**What is being asked:** Could you copy the records below exactly, leaving out any pictures they include?

(Exercise material begins)

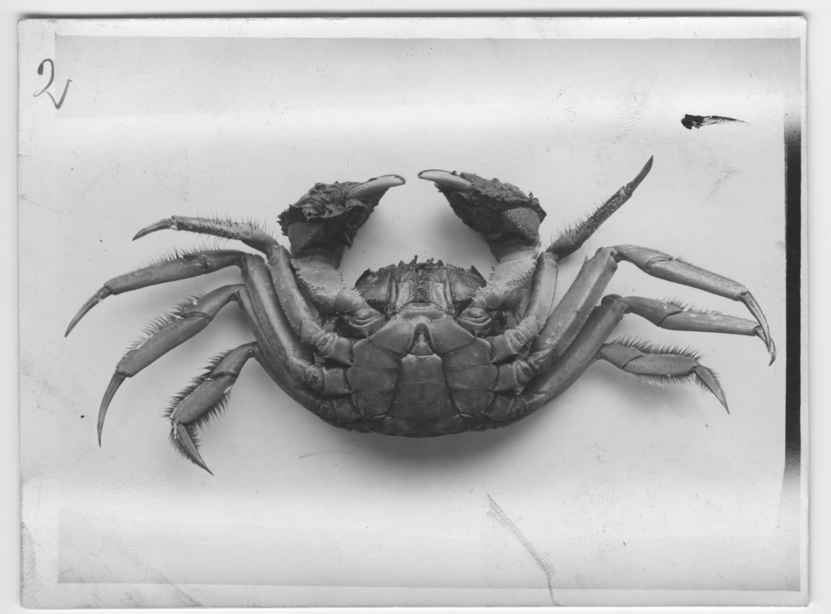 Kinesisk ullhandskrabba, sedd från buksidan.
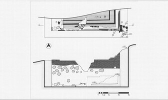Une canalisation a été trouvée au Sud-Ouest de ces constructions, de même que d’autres vestiges épars de murs.
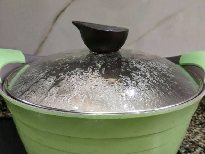 Tiếp tục đậy nắp nồi và đun canh trên lửa lớn. Tại sao không chuyển sang lửa vừa phải và đun nhỏ lửa ngay sau khi nước sôi? Bởi vì ninh canh trên lửa lớn là bí quyết thứ hai để nấu nước canh hầm sẽ có màu trắng sữa.
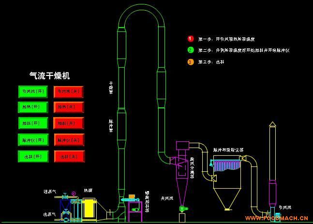 上述這類物料具有特殊性:比重輕,加料難,易燃,易爆。針對此情況,我公司技術部門開發(fā)研制的新型氣流干燥機,在原氣流干燥機的基礎上改進了加料形式,解決了“架橋”現(xiàn)象。創(chuàng)新改進了旋風分離器,解決了物料翻滾不出料的現(xiàn)象。系統(tǒng)集成,控制先進,超溫報警連鎖關閉熱源,有效解決了溫度過高引起的燃燒爆炸問題。
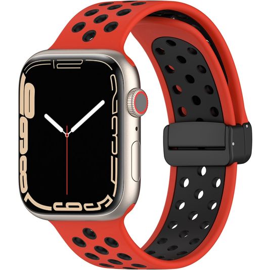 Mobigear Sport Plus Mag Silikon Apple Watch Armband Magnetverschluss - 42/41/40/38 mm - Schwarz / Rot

(Exercise material ends)

**Worked solution:**
 Kinesisk ullhandskrabba, sedd från buksidan.
Une canalisation a été trouvée au Sud-Ouest de ces constructions, de même que d’autres vestiges épars de murs.
 Tiếp tục đậy nắp nồi và đun canh trên lửa lớn. Tại sao không chuyển sang lửa vừa phải và đun nhỏ lửa ngay sau khi nước sôi? Bởi vì ninh canh trên lửa lớn là bí quyết thứ hai để nấu nước canh hầm sẽ có màu trắng sữa.
 上述這類物料具有特殊性:比重輕,加料難,易燃,易爆。針對此情況,我公司技術部門開發(fā)研制的新型氣流干燥機,在原氣流干燥機的基礎上改進了加料形式,解決了“架橋”現(xiàn)象。創(chuàng)新改進了旋風分離器,解決了物料翻滾不出料的現(xiàn)象。系統(tǒng)集成,控制先進,超溫報警連鎖關閉熱源,有效解決了溫度過高引起的燃燒爆炸問題。
 Mobigear Sport Plus Mag Silikon Apple Watch Armband Magnetverschluss - 42/41/40/38 mm - Schwarz / Rot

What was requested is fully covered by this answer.